Date class

A relatively basic class designed to represent dates accurately over a very wide range, running from 4713BC to 9999AD, and handling the various calendar corrections, primarily the Julian/Gregorian changeover. It handles various kinds of date arithmetic efficiently, but conversions to and from more conventional month/day/year representations are more costly.

Member functions:

Constructors: default, copy, time_t, char *, 3 integers

Prototypes:

  • Date()
  • Date( const Date& )
  • Date( const time_t )
  • Date( const int, const int, const int )

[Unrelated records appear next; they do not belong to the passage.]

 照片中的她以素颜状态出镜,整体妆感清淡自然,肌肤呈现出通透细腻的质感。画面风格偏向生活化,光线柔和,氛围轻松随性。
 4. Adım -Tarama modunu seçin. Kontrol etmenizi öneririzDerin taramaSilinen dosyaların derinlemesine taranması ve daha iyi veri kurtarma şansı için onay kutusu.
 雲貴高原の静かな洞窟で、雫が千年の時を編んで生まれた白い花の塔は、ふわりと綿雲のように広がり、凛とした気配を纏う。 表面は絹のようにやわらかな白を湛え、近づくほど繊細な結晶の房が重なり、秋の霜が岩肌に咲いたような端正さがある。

The class provides a default constructor that initializes the object to January 1, 4713BC, and a standard copy constructor. It provides 3 additional constructors as well. One initializes the object from a Unix time_t value, extracting the month, day and year of the time_t via the standard library routines and initializing the object to that date. Another initializes the object from a character string produced by the ToString() method, primarily for recreating objects stored in data files. The third takes the day, month and year in that order and initializes an object corresponding to that date.

Assignment operator

Prototypes:

  • Date& operator=( const Date& )

A standard assignment operator is provided to assign one Date object to another correctly.

Relational operators

Prototypes:

  • int operator==( const Date& )
  • int operator!=( const Date& )
  • int operator<( const Date& )
  • int operator<=( const Date& )
  • int operator>( const Date& )
  • int operator>=( const Date& )

The complete set of relational operators is defined on pairs of Date objects. No comparisons to other types are defined.

Arithmetic operators: +, -, +=, -=, ++, --

Prototypes:

  • friend Date& operator+( const Date&, const long )
  • friend Date& operator+( const long, const Date& )
  • Date& operator+=( long )
  • friend Date& operator-( const Date&, const long )
  • friend Date& operator-( const long, const Date& )
  • long operator-( const Date& )
  • Date& operator-=( long )
  • Date& operator++()
  • Date operator++( int )
  • Date& operator--()
  • Date operator--( int )

Operators are defined to add longs to Dates, and to subtract longs from Dates. These operate by adding or subtracting the integer number of days to or from the Date object. Pre-increment and post-increment operators are defined analogous to the operators on integral types. The assignment addition and subtraction operators add and subtract the integral number of dates on the right side to or from the Date object on the left, eg. DateObject += 5; to add 5 days to a given date. Subtraction of two Date operators is defined, yielding the number of days between them as a long. Addition of two Date objects does not make sense and is not defined.

Conversion functions: ToString(), ToSysTime()

Prototypes:

  • time_t ToSysTime()
  • void ToString( char * )

ToSysTime() takes no arguments and returns the date as a time_t value corresponding to midnight on the given date. ToString returns no value, it's argument is a pointer to a 12-byte character string which will be filled in with a string representation of the object. This may be passed to the char * constructor to recreate the object, and is a convenient representation for storage in a data file. There really ought to be a conversion operator to a character string, but it is rather difficult to handle the memory issues correctly.

Data extraction functions

Prototypes:

  • int Year()
  • int Month()
  • int Day()
  • int DayOfYear()
  • int DayOfWeek()
  • int DayOfWorkWeek()
  • int IsLeapYear()
  • void YMD( int *, int *, int *)

These functions extract the obvious values from the date and return them to the program for use. Some non-obvious pointers:

  • DayOfWeek() returns Sunday as 0, while DayOfWorkWeek() returns Monday as 0.
  • YMD() returns all three of the year, month and day into the integers pointed to by it's arguments in that order, making it a convenient way to get those values in one operation for formatting and printing dates.
  • IsLeapYear() is a boolean function, returning non-zero if the year the date is in is a leap year and zero if it is not.

Static class functions:

Leap year determinations

Prototypes:

  • int IsLeapYear( int )

The sole static function in the class is the IsLeapYear() function, which tests if the year passed as it's argument is a leap year or not. It returns non-zero if the year is a leap year, and zero if it is not.

Licensing:

This code is licensed under the terms of the GPL v3, a copy of which you can find attached to this page.